_Instructions for the task_
Could you write out, exactly, every line from the top of the data through the line holding "英超第17轮,维拉主场2-1击败曼联,豪取各项赛事10连胜和英超7连胜。"? Omit the pictures.

Data extract Start Marker

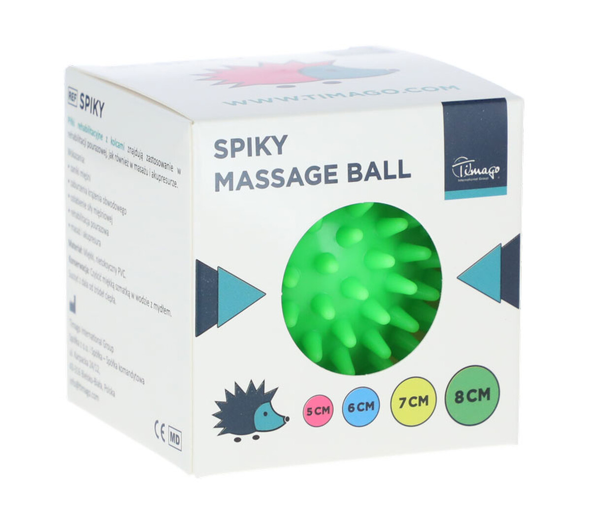 A tüskékkel ellátott rehabilitációs masszázslabda hatékonyan stimulálja az akupunktúrás pontokat. Hozzájárul a vérkeringés javításához, a feszültség csökkentéséhez és a szövetek természetes rugalmasságának helyreállításához.
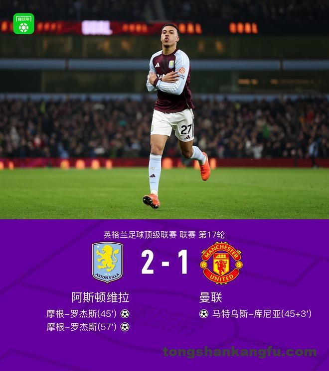 英超第17轮,维拉主场2-1击败曼联,豪取各项赛事10连胜和英超7连胜。
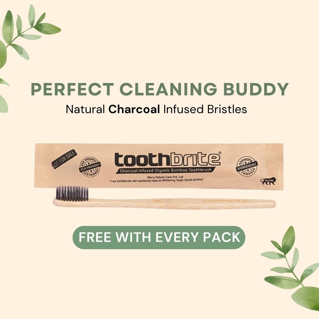 toothbrite Natural Whitening Tooth Scrub | Gel Toothpaste |Deodorises breath | Cool Mint Flavour| No Peroxide |No Paraben |Patented Formula with Organic Bio Silica & Carbon |Non Abrasive| With Free Bamboo Toothbrush | Pack Of 2 | 100g EachPatented Formula
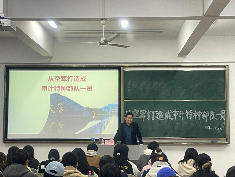 11月29日,我院教师刘政受南京审计大学金审公司的邀请,为该校师生带来了一场题为《从空军打造成审计特种部队一员》的专题报告和审计专业招生宣传。刘政博士不仅是一位资深的教育工作者,也是审计领域的实务专家,他的这次讲座吸引了众多师生的关注。
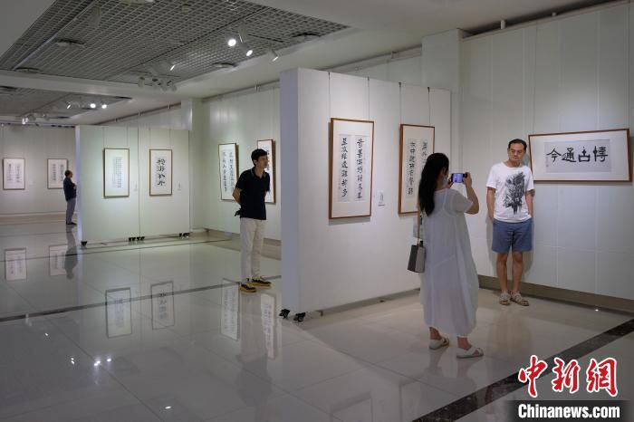 圖為觀眾在書法展上拍照留念。 何蓬磊 攝
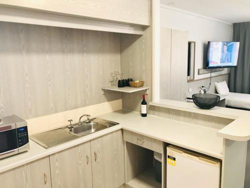 Comfort Inn Glenelg má pokoje s mikrovlnnou troubou, TV a příslušenstvím pro přípravu čaje a kávy. K dispozici je také fén, klimatizace, žehlička a žehlicí prkno.

Data extract End Marker

_Response to this exercise_
 A tüskékkel ellátott rehabilitációs masszázslabda hatékonyan stimulálja az akupunktúrás pontokat. Hozzájárul a vérkeringés javításához, a feszültség csökkentéséhez és a szövetek természetes rugalmasságának helyreállításához.
 英超第17轮,维拉主场2-1击败曼联,豪取各项赛事10连胜和英超7连胜。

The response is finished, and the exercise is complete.